Task description:
Write out again the lines from the line with "- ✅【Safe and" up to and including the line with "Известная британская дизайнер", exactly as they stand below, and skip any picture.

Data records:
:::::
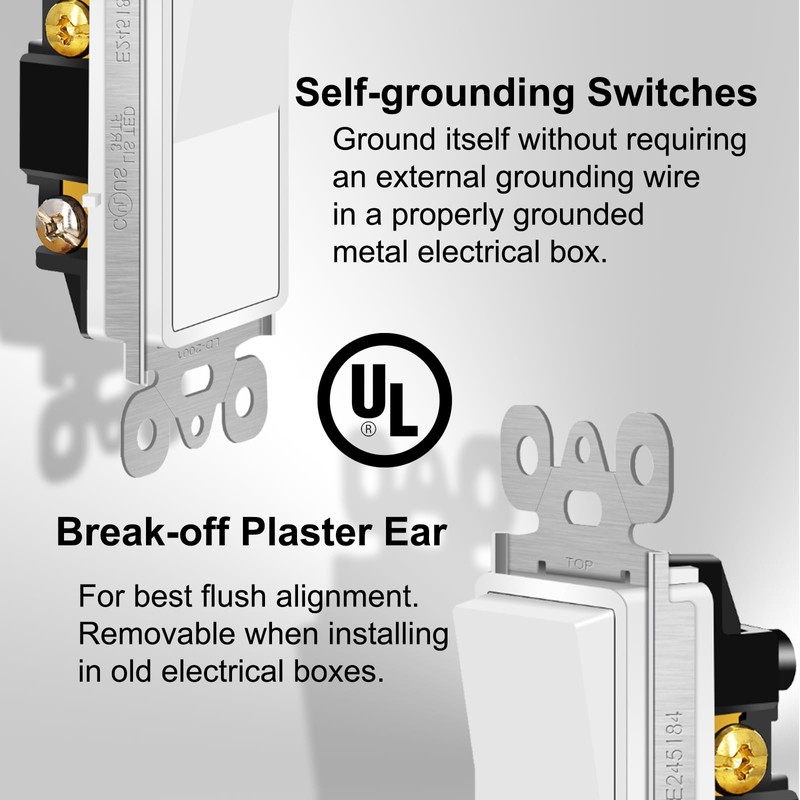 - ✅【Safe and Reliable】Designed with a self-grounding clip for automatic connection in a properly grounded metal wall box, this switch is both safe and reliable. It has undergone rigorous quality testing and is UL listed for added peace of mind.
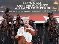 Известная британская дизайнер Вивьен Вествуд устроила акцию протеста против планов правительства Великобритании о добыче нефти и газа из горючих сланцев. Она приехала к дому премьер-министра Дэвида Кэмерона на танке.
:::::
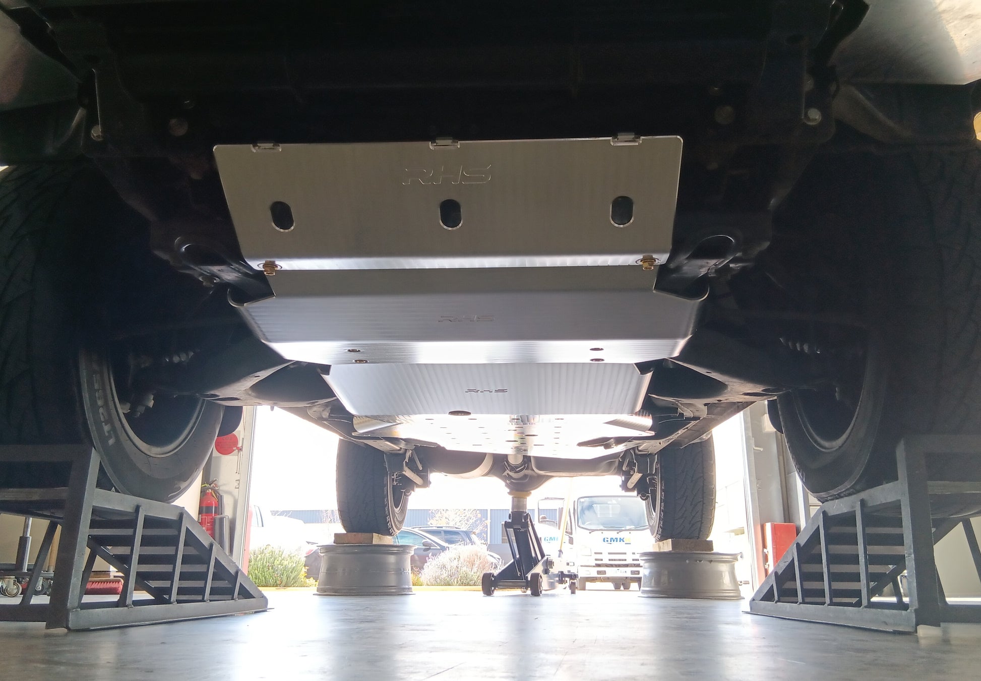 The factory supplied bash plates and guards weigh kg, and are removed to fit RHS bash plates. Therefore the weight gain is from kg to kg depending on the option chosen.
:::::
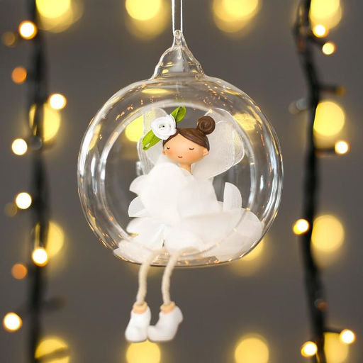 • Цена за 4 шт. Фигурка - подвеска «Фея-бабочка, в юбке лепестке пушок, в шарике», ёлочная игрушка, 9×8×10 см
:::::
Task answer:
 - ✅【Safe and Reliable】Designed with a self-grounding clip for automatic connection in a properly grounded metal wall box, this switch is both safe and reliable. It has undergone rigorous quality testing and is UL listed for added peace of mind.
 Известная британская дизайнер Вивьен Вествуд устроила акцию протеста против планов правительства Великобритании о добыче нефти и газа из горючих сланцев. Она приехала к дому премьер-министра Дэвида Кэмерона на танке.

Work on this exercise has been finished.